(Information given begins)

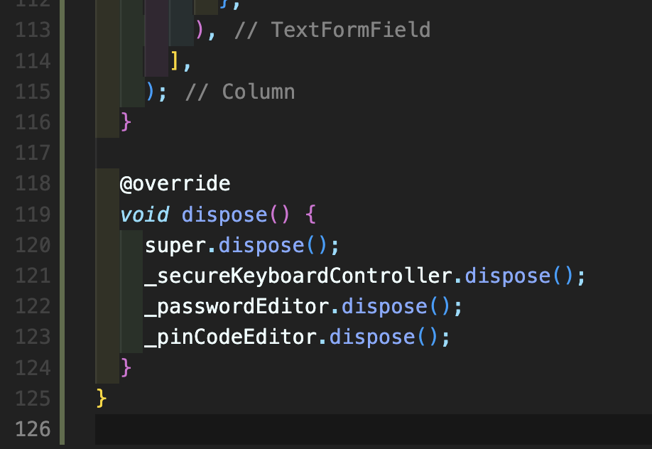 Step 6: 숫자 키패드를 위한 핀 코드 TextField 위젯도 아래처럼 만들어줍니다. (맨 아래에 전체 코드 첨부하였습니다) 여기서 꼭 변경하실 부분은 아래 104번째 라인에 있는 type: SecureKeyboardType.NUMERIC입니다.
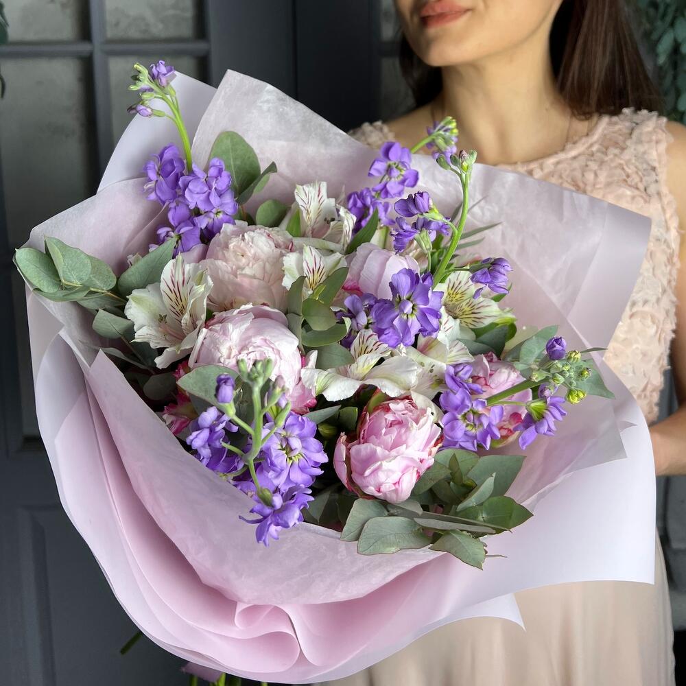 Альстромерия – 5 шт.Маттиола – 5 шт.Эвкалипт – 7 шт.Лента атласная – 1 шт.Пион Сара Бернар – 5 шт.Упаковка дизайнерская – 2 шт.
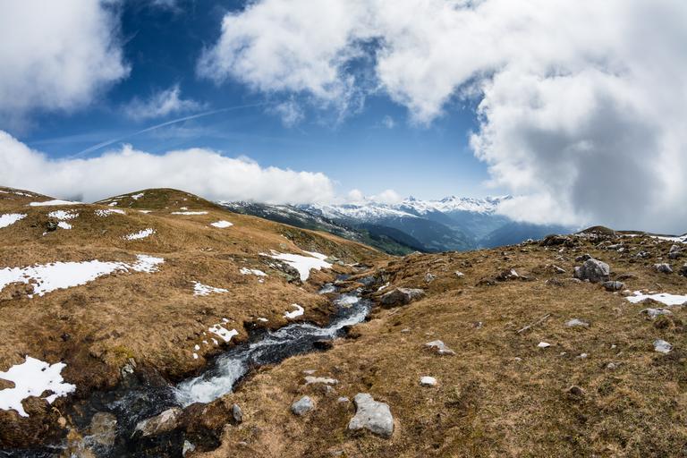 Keywords: mountain stream spring clouds mountain snow blue white green alpes climbing nature outdoor hiking peak landscape trekking altitude freedom adventure journey high water
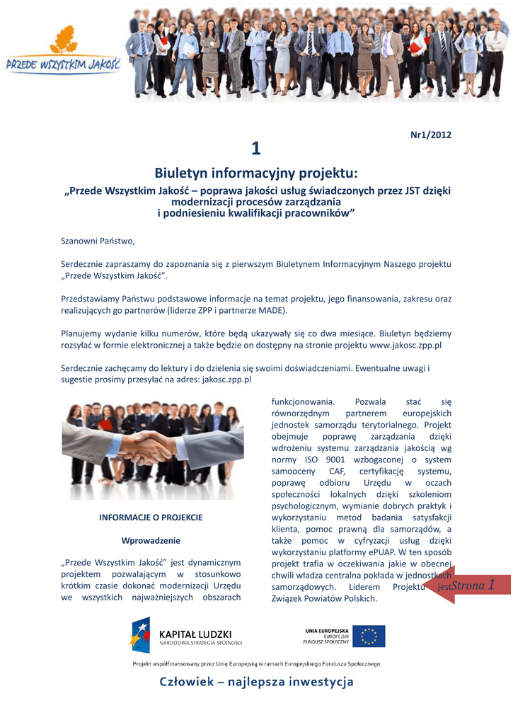 rozsyłać w formie elektronicznej a także będzie on dostępny na stronie projektu www.jakosc.zpp.pl
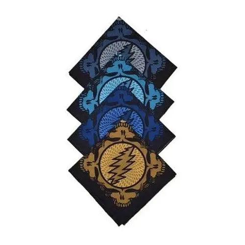 This new Grateful Dead bandana comes in 4 different color patterns and has a spinning stealie design. 100% cotton heavyweight handkerchief style bandana, measures 22" x 22" and is officially licensed Grateful Dead merchandise. Great for you or your pet.
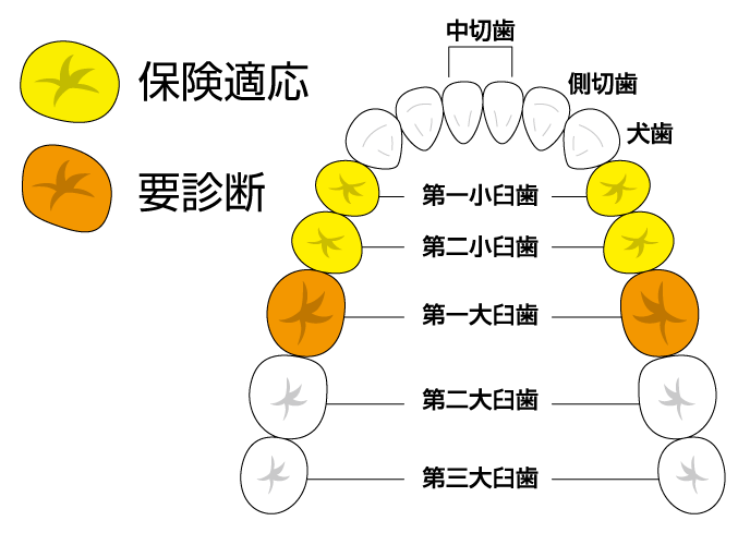 セラミックとプラスチックを混ぜ合わせたやわらかい材質で周囲の歯を傷つけません。第一小臼歯と第二小臼歯が、保険適応になりました。なお、第一大臼歯(6番目の歯)はかみ合わせ診断を行う必要があり、対象は下顎の6番目のみです。

(Information given ends)

With the pictures omitted, print the lines above exactly, beginning at the line with "Альстромерия – 5" and going on through the line with "rozsyłać w formie".

 Альстромерия – 5 шт.Маттиола – 5 шт.Эвкалипт – 7 шт.Лента атласная – 1 шт.Пион Сара Бернар – 5 шт.Упаковка дизайнерская – 2 шт.
 Keywords: mountain stream spring clouds mountain snow blue white green alpes climbing nature outdoor hiking peak landscape trekking altitude freedom adventure journey high water
 rozsyłać w formie elektronicznej a także będzie on dostępny na stronie projektu www.jakosc.zpp.pl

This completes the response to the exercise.